Hidden in his tent, Sarasti took up the slack. "Scramblers also use Rorschach's EM for metabolic processes. Some pathways achieve proton transfer via heavy-atom tunneling. Perhaps the ambient radiation acts as a catalyst."

"Tunneling?" Susan said. "As in quantum?"

Cunningham nodded. "Which also explains your shielding problems. Partly, at least."

"But is that even possible? I mean, I thought those kind of effects only showed up under cryonic—"

"Forget this," Cunningham blurted. "We can debate the biochemistry later, if we're still alive."

"What do we debate instead, Robert?" Sarasti said smoothly.

"For starters, the dumbest of these things can look into your head and see what parts of your visual cortex are lighting up. And if there's a difference between that and mind-reading, it's not much of one."

"As long as we stay out of Rorschach—"

"That ship has sailed. You people have already been there. Repeatedly. Who knows what you already did down there for no better reason than because Rorschach made you?"

"Wait a second," Bates objected. "None of us were puppets down there. We hallucinated and we went blind and—and crazy even, but we were never possessed."

Cunningham looked at her and snorted. "You think you'd be able to fight the strings? You think you'd even feel them? I could apply a transcranial magnet to your head right now and you'd raise your middle finger or wiggle your toes or kick Siri here in the sack and then swear on your sainted mother's grave that you only did it because you wanted to. You'd dance like a puppet and all the time swear you were doing it of your own free will, and that's just me, that's just some borderline OCD with a couple of magnets and an MRI helmet." He waved at the vast unknowable void beyond the bulkhead. Shreds of mangled cigarette floated sideways in front of him. "Do you want to guess what that can do? For all we know we've already given them Theseus technical specs, warned them about the Icarus array, and then just decided of our own free will to forget it all."

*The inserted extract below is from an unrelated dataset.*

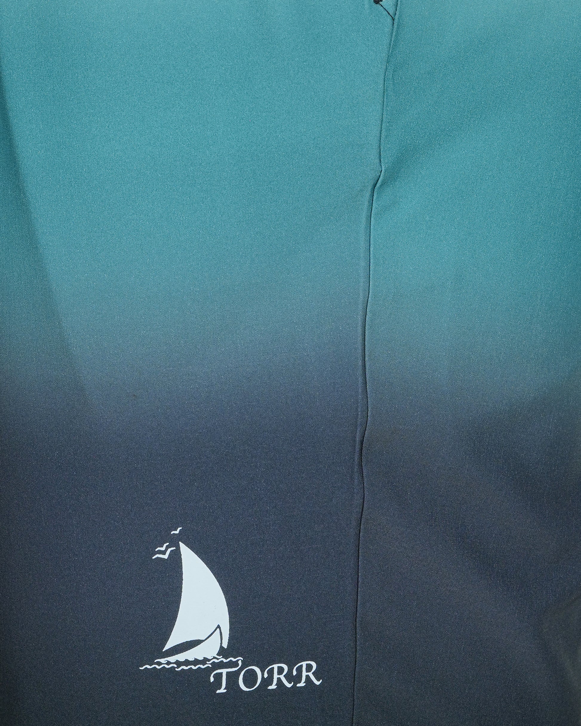 Dive into comfort and style with these ombre-effect swim shorts. Featuring a captivating gradient that transitions from a light, airy teal at the top to a deep, sophisticated navy at the hem, these shorts evoke the colors of the ocean. The design is clean and modern, with an elasticated waistband and an adjustable white drawstring for a secure and comfortable fit. A subtle logo is discreetly placed on the lower right leg.

"We can cause those effects," Sarasti said coolly. "As you say. Strokes cause them. Tumors. Random accidents."

"Random? Those were experiments, people! That was vivisection! They let you in so they could take you apart and see what made you tick and you never even knew it."

"So what?" the vampire snapped invisibly. Something cold and hungry had edged into his voice. Human topologies shivered around the table, skittish.

"There's a blind spot in the center of your visual field," Sarasti pointed out. "You can't see it. You can't see the saccades in your visual timestream. Just two of the tricks you know about. Many others."

Cunningham was nodding. "That's my whole point. Rorschach could be—"

"Not talking about case studies. Brains are survival engines, not truth detectors. If self-deception promotes fitness, the brain lies. Stops noticing— irrelevant things. Truth never matters. Only fitness. By now you don't experience the world as it exists at all. You experience a simulation built from assumptions. Shortcuts. Lies. Whole species is agnosiac by default. Rorschach does nothing to you that you don't already do to yourselves."

Nobody spoke. It was several silent seconds before I realized what had happened.